Thinking and Linking by Joanne Jacobs
Atlantic lists The Top 100 — the most influential Americans in history.
James K. Polk?
If it weren’t for James K. Polk, you would be blogging from San Jose, Mexico.
Polk also brought Texas into the Union. Just imagine if the Dallas Cowboys represented the Texas Republic… He had limited goals as a president, he achieved them, and then he left office. We won’t see another one like him.
Check out Polk’s position in these presidental rankings: http://en.wikipedia.org/wiki/Historical_rankings_of_United_States_Presidents
He’s 10th or 11th in the rankings among scholars, but lower among the general public, behind more famous ones.

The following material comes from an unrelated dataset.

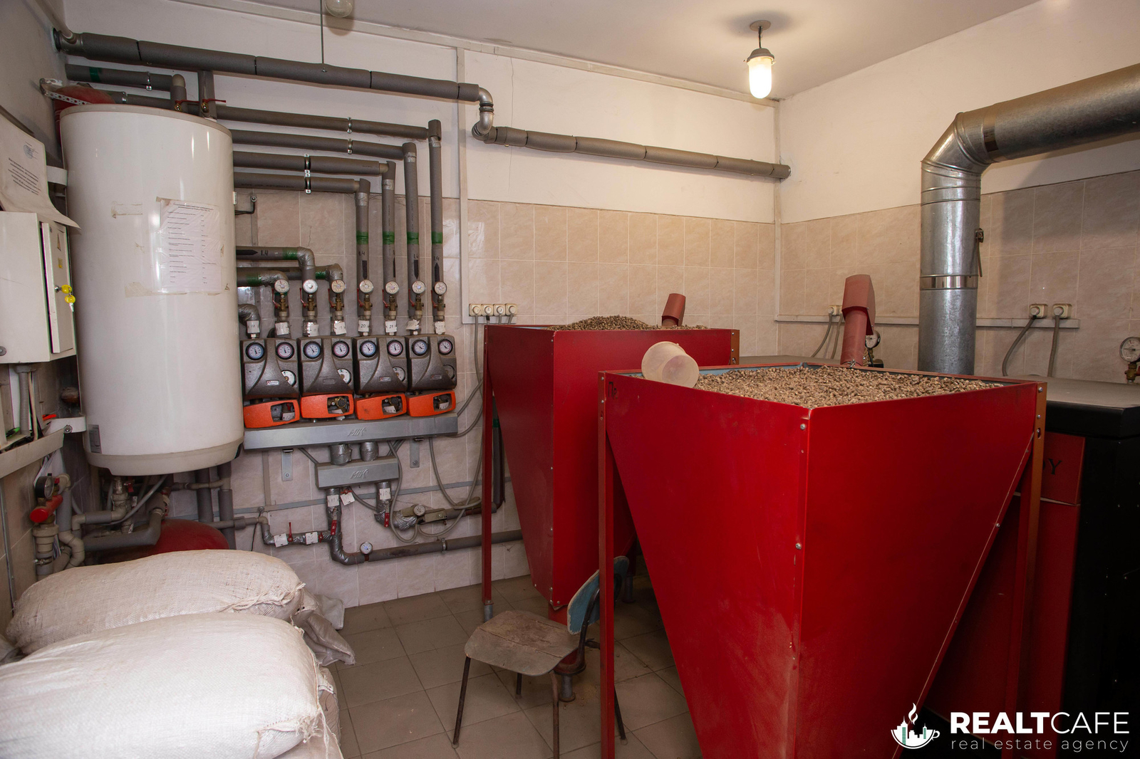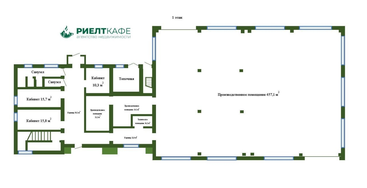 Первый этаж: производственный цех 457 м2, высота потолков 8,0 м. Двое подъемных секционных ворот, с возможностью заезда грузовых машин. Высота ворот 4,1 м, ширина 4,0 м.

There’s also a great song about JKP by They Might Be Giants.
I would put Ernest Lawrence instead of Enrico Fermi. Lawrence started the idea of big machine science, and put Northern California on the map for the location of science and technology.
I’m not certain Woodrow Wilson belongs on this list.
Wayne: Wilson belongs, although maybe not so high on it. Being “influential” doesn’t have to be a good influence – and I like the way they phrased his entry, leaving it to us to judge whether it was good or bad.
Polk certainly should be higher than #50.
I didn’t find Teddy Roosevelt on the list. Certainly he belongs there.
TR is #15.
Milton Friedman less influence than Betty Freidan? Norman Borlaug less influence than anybody?
> Wilson belongs, although maybe not so high on it.
Why? He was the first Southern president since the Second War for Southern Independence. He was president of UVA. He didn’t support England, France and Canada in the War against the Kaiser until late in the War. He was incapacitated by the end of the engagement, so the English and French were able to set the stage for WWII. The League of Nations, which he supported, ended up being of no particular value. There is a bridge on the DC beltway bearing his name.
Sorry .. Not certain I see Wilson’s value to be on this list. How about the Wright Brothers, or Seymour Cray, or George Westinghouse? William Randolph Hurst, or Horace Greeley?